A falta de uma coalizão bem organizada no Legislativo, em termos de apoio e ideias, tem sido um quarto empecilho para a construção de uma visão clara de futuro. Isso gerou uma postura de desresponsabilização do Executivo, que muitas vezes torce para que os parlamentares resolvam sozinhos os problemas da agenda pública do país. Assim foi na reforma da Previdência, e alguns apostam que esse processo poderá ser repetido nas reformas administrativa e tributária. O problema é que quando o Executivo se ausenta, também podem ser aprovadas coisas que atrapalham o funcionamento governamental, seja em termos fiscais, seja na capacidade de execução.
Desde a prisão de Queiroz, no dia 18 de junho, Bolsonaro mudou de posição e começou a construir uma base parlamentar. Essa decisão, em boa medida, serve a ambos os lados como um mecanismo de autoproteção e sobrevivência de deputados e do próprio presidente. No entanto, vislumbra-se agora que se pode e se deve buscar algo mais dessa aliança, como revela a discussão sobre o Renda Cidadã. Só que exatamente quando essa parceria aponta para uma mudança legislativa importante, descobre-se o quinto e último aspecto que limita o reformismo bolsonarista: a dificuldade de pensar além das eleições de 2022.
É inegável que programas de transferência de renda constituem uma condição necessária para se combater a desigualdade brasileira. Mas é preciso juntá-las como outras políticas sociais. A desigualdade é múltipla e exige remédios vindos de vários setores.
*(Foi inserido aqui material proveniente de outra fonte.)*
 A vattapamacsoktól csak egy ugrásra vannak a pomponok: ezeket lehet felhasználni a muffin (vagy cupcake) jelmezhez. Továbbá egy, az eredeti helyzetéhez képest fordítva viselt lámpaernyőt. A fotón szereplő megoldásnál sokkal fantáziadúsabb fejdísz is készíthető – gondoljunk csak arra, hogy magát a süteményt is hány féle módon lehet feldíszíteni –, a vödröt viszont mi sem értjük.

Qual é a política bolsonarista, por exemplo, para se reduzir a desigualdade racial? Afinal, são os negros que mais morrem com a violência na periferia, inclusive da vinda da polícia, bem como há um grande abismo educacional entre as crianças brancas e as negras. Obviamente que a renda é um ponto de partida desse processo, mas sozinha não muda este triste quadro, que já nem deveria existir em pleno século XXI.
Até agora os governistas só pensam em distribuir dinheiro para receber fidelidade na hora do voto. É esse mesmo sentido pragmático que move hoje o presidente, que no passado fora contra o Bolsa Família e todas as ações de redistribuição mais direta de renda aos pobres brasileiros. Todos podem mudar e fazer autocrítica, mas o que deve ser exigido de Bolsonaro envolve uma pergunta maior: qual será o desenho dessa política de transferência de renda para os próximos dez anos?
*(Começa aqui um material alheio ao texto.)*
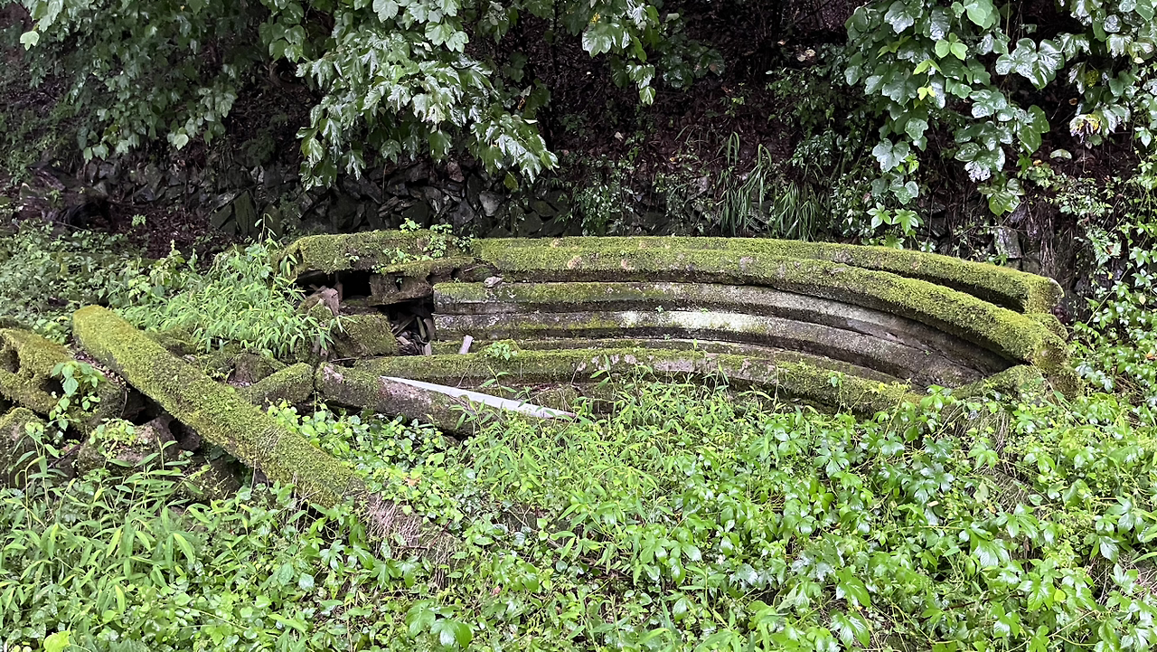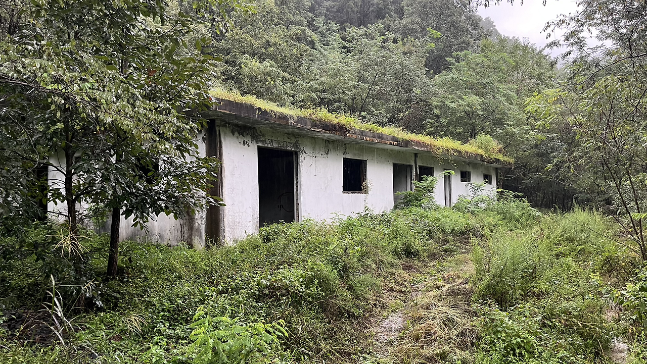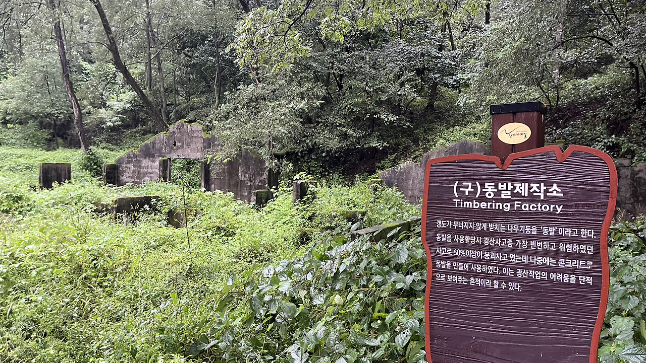 벽화마을(벽화마을이라고는 하지만 두 어채 담벼락에 그림이 있는 정도)을 지나 트레킹을 시작한다. 비는 오지만 공기는 상쾌하고 기분은 좋고 발걸음은 가볍다. 탄차가 다니던 길이라서 그런지 길도 넓다. 작은 돌이 깔린 길이라 군데군데 물웅덩이만 피하면 걷기에도 나쁘지 않다. 조금 걷다 보니 (구)동발제작소다. 갱도가 무너지지 않게 받치는 나무기둥을 ‘동발’이라고 하는데 이곳이 그 동발을 제작하는 곳이다. 광산사고의 60% 이상이 갱도붕괴로 인한 것인데, 나중에는 나무 대신 콘크리트로 동발을 만들었다고 한다. 제작소의 창문이 달린 벽채와 이끼가 잔뜩 끼인 부서진 콘크리트 동발만이 풀숲에 덩그러니 남았다.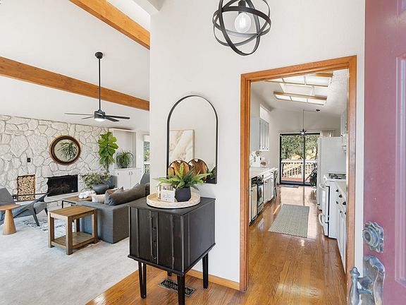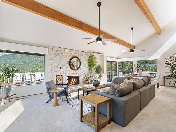 Welcome Home: Enchanting light filled, custom built Modern Mid-Century Home, set upon a 3.92 Acre private gated estate, amongst the idyllic Green Valley Hills, to offer the perfect aesthetic combination of comfort, convenience and bliss. All that you have ever dreamed of having in a home has today come true. This is a rare and exceptional opportunity. Boasting an open design, high ceilings, ample windows, hardwood floors, 3 fireplaces, primary suite with en-suite bathroom, separate living, family and dining rooms, freshly treated wrap around deck, Culligan whole home water purification and softener system, owned 32 panel solar array with NIM2 Solar monitoring System, 3 insulated newer storage sheds, detached office with AC, newer 5 ton HVAC central AC, outdoor hot tub connections and 120-240V backup electrical plug-in. The spacious estate is legally subdividable for additional residential structures. Explore endless possibilities, whether as an equestrian property, a second home site, or simply to enjoy the mature trees and natural beauty. Easy access to the Green Valley Country Club, top rated schools, parks, trails, upscale shopping, and freeways, Must See Today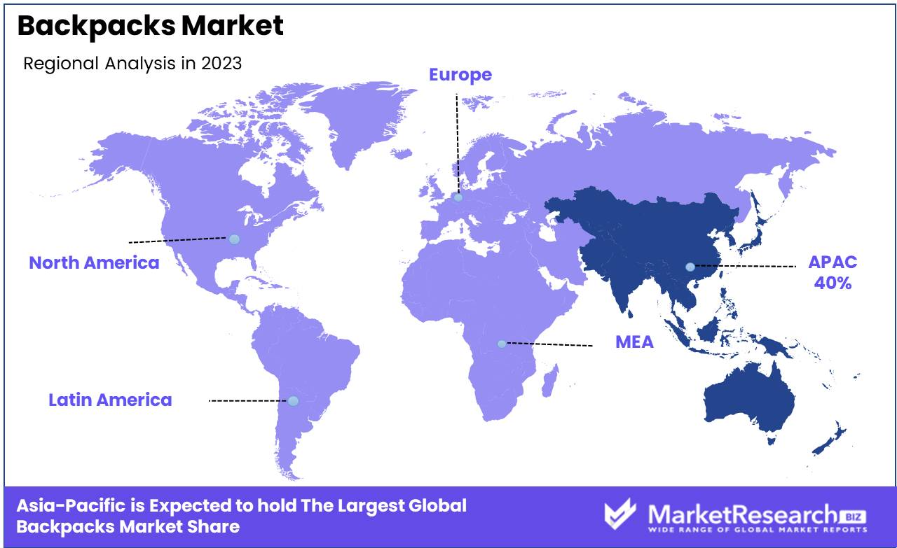 In 2023, Asia-Pacific led the global backpacks market, holding a 40% market share, driven by a large and growing population, rapid urbanization, and rising disposable incomes.

Do lado da oposição ao governo Bolsonaro, no seu sentido mais amplo, muitas propostas e temáticas relevantes têm sido levantadas nos últimos meses. Elas vêm de partidos ou de grupos da sociedade civil que têm apresentado bons debates e ideias sobre meio ambiente, educação, questão racial, saúde e outras questões verdadeiramente estruturais para o país. Não obstante, a fragmentação dessas visões de mundo e a falta de um modelo mais sistêmico que aponte soluções para frente, em vez de se concentrar nos sucessos e erros do passado, constituem uma fragilidade daqueles que querem se opor ao atual governo.
Muito se fala da necessidade de construir uma frente ampla, da centro-direita à esquerda, contra o bolsonarismo. Pode ser que isso seja necessário para a eleição de 2022 - e esse é um tema para um outro artigo -, mas é preciso dizer qual será o projeto mais amplo que vai orientar essa aliança, de modo que ela não seja apenas defensiva.
O país está num momento de ausência de uma proposta consistente de futuro. Para superar essa fase, além dos votos, será necessário propor ideias e soluções que vislumbrem algo além do curto prazo e do personalismo presidencial.
*Fernando Abrucio, doutor em ciência política pela USP e professor da Fundação Getulio Vargas.